The Wesfarmers Ltd (ASX: WES) share price has surged 34% over the past 12 months to close at $65.40 on Wednesday.
Shares in the retail conglomerate have soared despite challenging economic times as sticky inflation and high interest rates continue to take a toll on consumer spending.
Wesfarmers has outperformed other retailers over the same period, including Woolworths Group Ltd (ASX: WOW) and Coles Group Ltd (ASX: COL), which dropped by 16% and 7%, respectively.
So, is it too late to buy Wesfarmers shares?
Strong retail business
Wesfarmers owns a diversified portfolio of retail businesses, including Officeworks, Bunnings, and Kmart, which helps the company perform defensively through various economic cycles.
In the company's half-year FY2024 results announcement, Wesfarmers managing director Rob Scott highlighted:
Wesfarmers' retail divisions executed strongly during the half, responding effectively to changing customer needs as households increasingly sought out value.
In this environment, the retail divisions' core offer of everyday products with market-leading value credentials supported growth in sales and customer transaction numbers.
Weak lithium prices add pressure
While its retail business is going strong, its lithium project is affected by weak global commodity prices.
Wesfarmers is investing in a lithium mining project at Mt Holland, which is in the ramp-up stage. The project's profitability largely depends on fluctuations in global commodity prices and foreign exchange rates.
Unfortunately, the lithium price plummeted last year, falling 67% from US$45,000 per tonne of lithium carbonate to approximately US$14,500 per tonne today. As my colleague Bronwyn noted here, the outlook remains uncertain as the global lithium price is closely tied to the demand for electric vehicles.
Wesfarmers acknowledged these challenges. In the half-year results briefing, Scott added:
Strong operating performance continued in WesCEF, with good plant availability and production rates during the period. As previously indicated, earnings for the half were impacted by lower global commodity prices relative to the elevated pricing environment over recent years.

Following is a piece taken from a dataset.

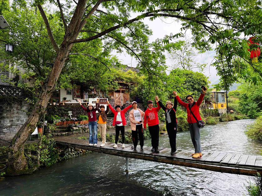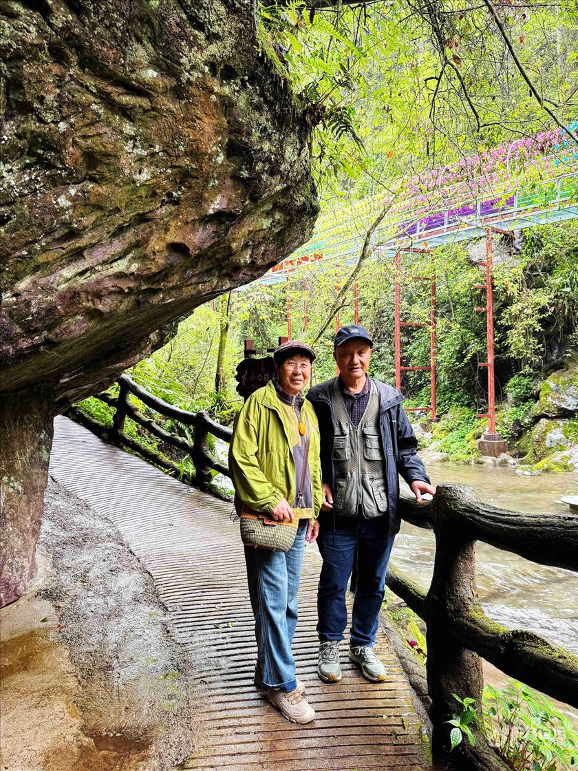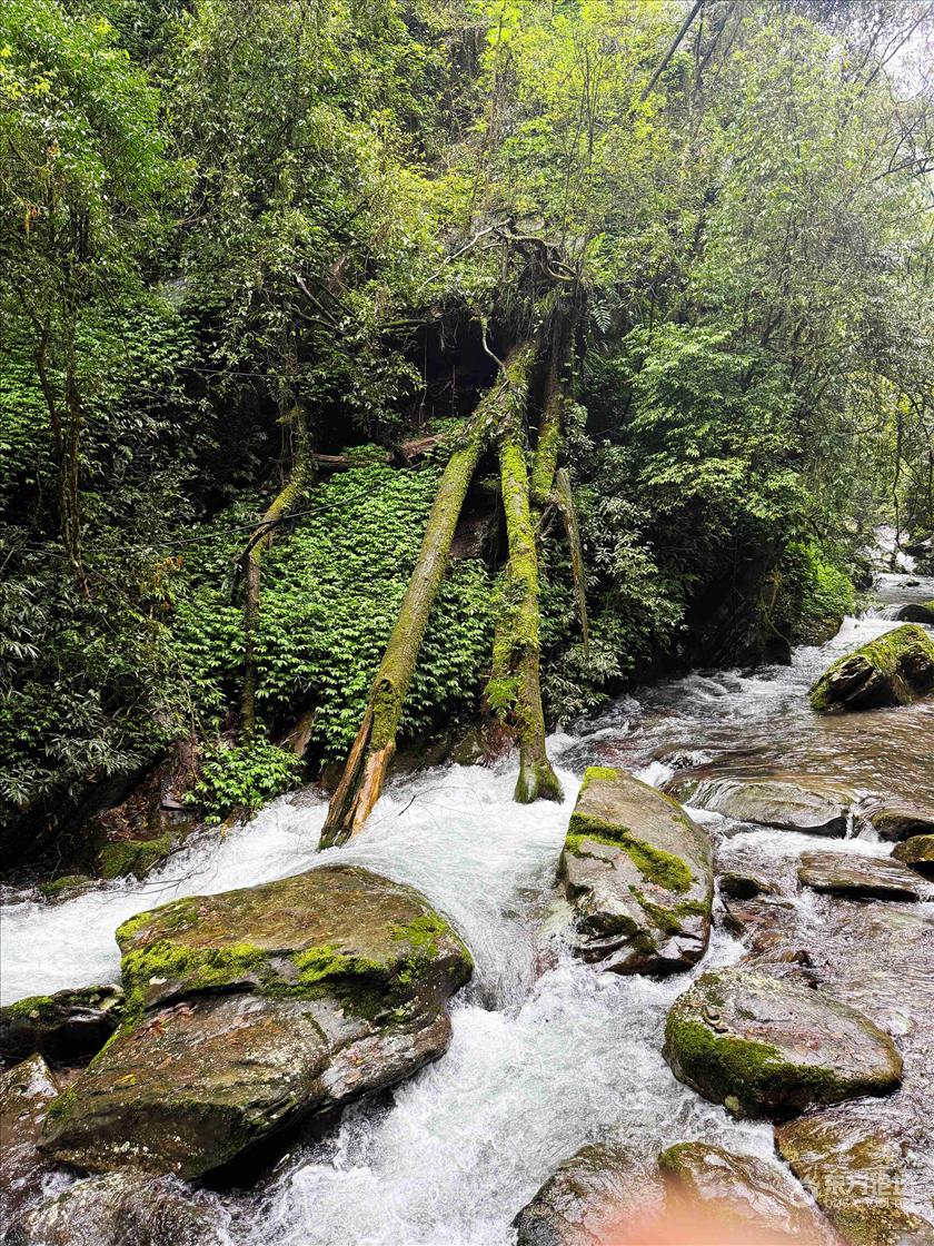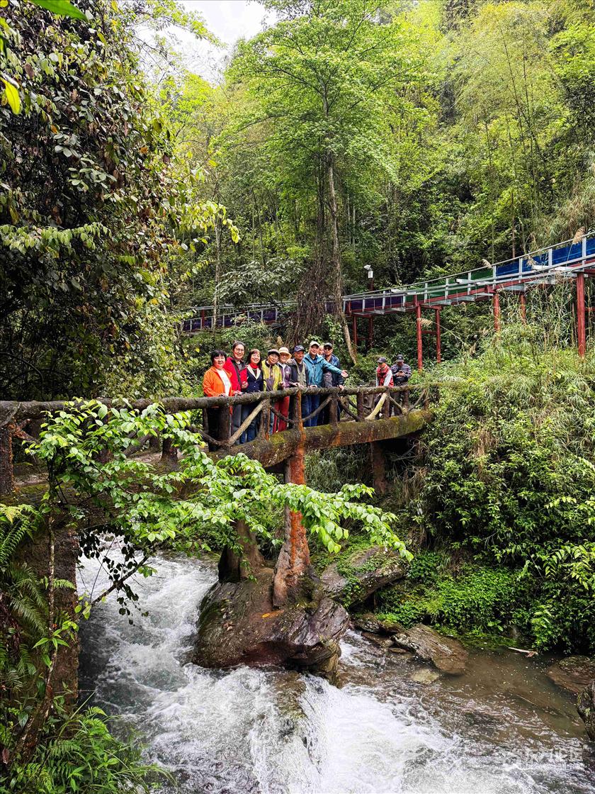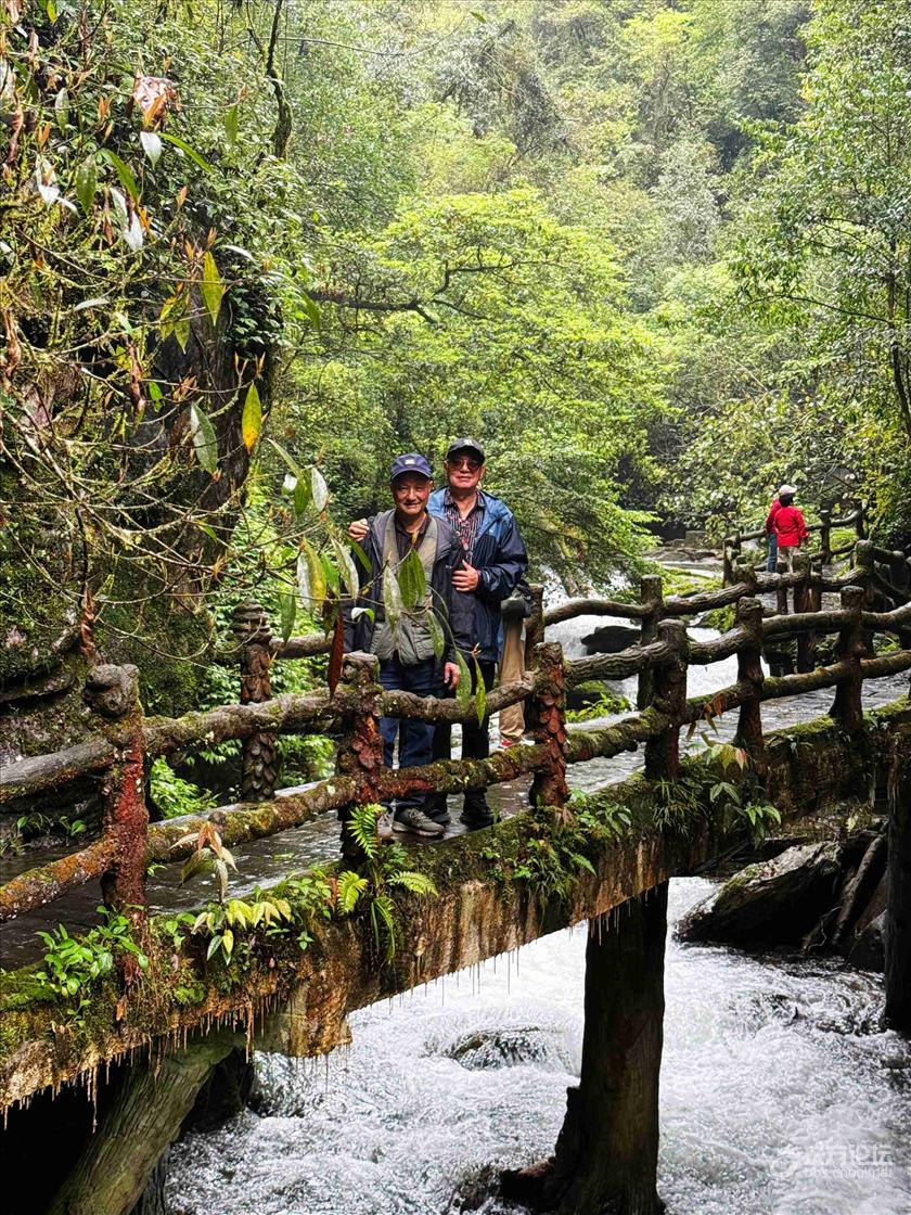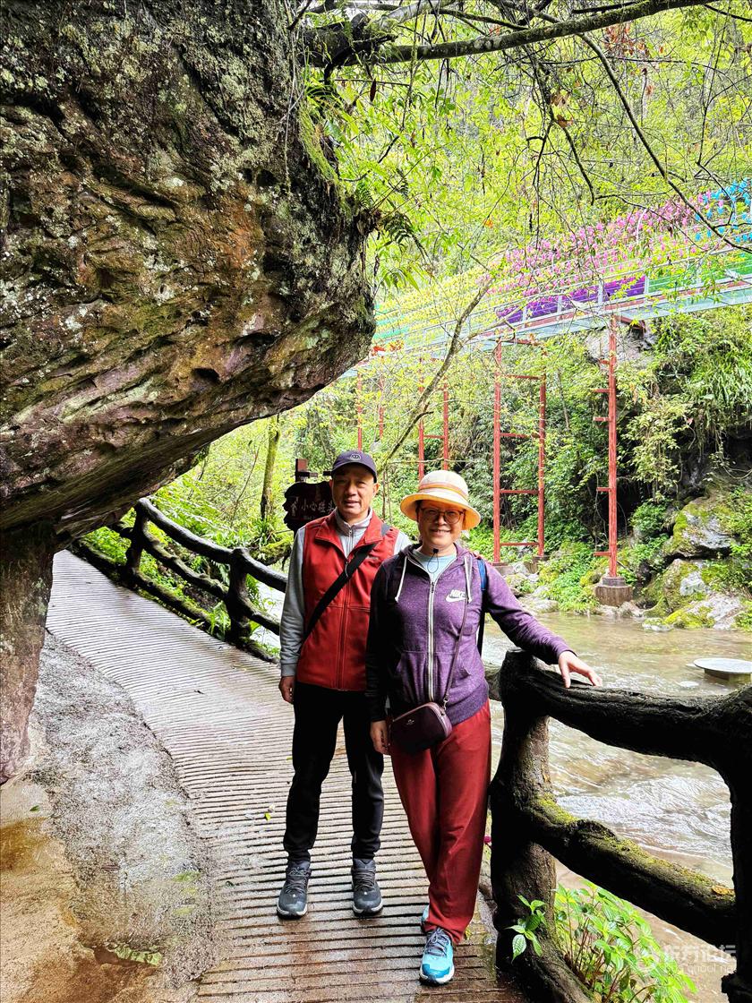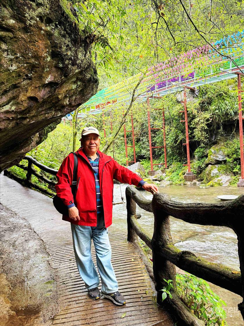 2026年4月15日,爬过梵净山后,大家带着轻松的心情,一起来到云舍村,后游亚木沟,原生态的美景更让我们感到非常的惬意。走进春日的云舍村,这座被誉为“中国土家第一村”的传统村落,山谷间万物舒展,村寨宛如一处隐于山水之间的桃源。青瓦木楼顺山而立,吊脚楼层层错落,木质结构在阳光下泛着温润光泽。村寨中央的神龙潭清澈见底,泉水自地下涌出,四季恒温,沿着溪流缓缓穿村而过。水中倒映着树影与游鱼,与水草交织成景,一幅“小桥流水人家”的山地水乡画卷徐徐展开。小桥跨水而立,清流绕村而行,人与自然在空间中彼此嵌合,真的是人在村中行,水在脚下流。接下来,我们去了亚木沟景区。它位于贵州省铜仁市江口县的国家AAAA 级旅游景区,毗邻梵净山,被誉为"贵州第一沟",以原始峡谷生态、高负氧离子空气及土家民俗文化为核心特色 。走在溪边,随着水流轻轻淌过形态各异、色彩斑斓的石头,仿佛一缕缕生命之魂被注入其中。水是这里无处不在的灵魂所在,流动的水和多彩的石头相互辉映,使得亚木沟熠熠生辉。漫步在亚木沟的幽深之处,山水美景和静谧氛围让人心旷神怡,一边欣赏着苍松翠竹的挺拔与葱郁,聆听着泉水叮咚的悦耳之声,一边探寻着山林间沉淀的历史痕迹。这里是探索与放松的绝佳去处。来到亚木沟,就像是一头扎进了绿色的童话世界,高达百分之九十七的森林覆盖率,让这里成为了名副其实的“绿色王国”。

The Mt Holland concentrator was successfully commissioned during the half, and operations recently entered the ramp-up phase. Good progress continued on the construction of the Kwinana lithium hydroxide refinery.
How cheap are Wesfarmers shares now?
Wesfarmers shares are trading at 27 times FY24's estimated earnings, which is at the high end of its historical trading range of 15 to 30 times. The company offers a fully-franked dividend yield of 3%.
Comparing Wesfarmers to its peers, based on earnings estimates provided by S&P Capital IQ:
- Woolworths shares are valued at 22x FY24's estimated earnings.
- Coles shares are valued at 26x FY24's estimated earnings.
The outperformance of Wesfarmers compared to its peers prompted Goldman Sachs to downgrade the consumer discretionary stock in favour of staples recently. In this downgrade report summarised by my colleague Bronwyn, Goldman Sachs analysts Lisa Deng and James Leigh highlighted:
… our Buy thesis of resilient retail (Bunning and Kmart) businesses generating ~A$2.0-A$2.5 billion free cashflow to invest behind growth opportunities (Digital and Health) is now fully factored in.
Foolish takeaway
Wesfarmers owns several high-quality retailers with strong customer loyalty. It also invests in diverse industries, including healthcare, chemicals, and industrial businesses.
However, its current valuation isn't cheap relative to its history, making this a tricky investment decision.
While the Wesfarmers share price may not be a bargain, the company has been an excellent dividend payer over the years. At the current price, Wesfarmers offers a fully franked dividend yield of 3%.
I think it might still be worth considering for long-term dividend investors.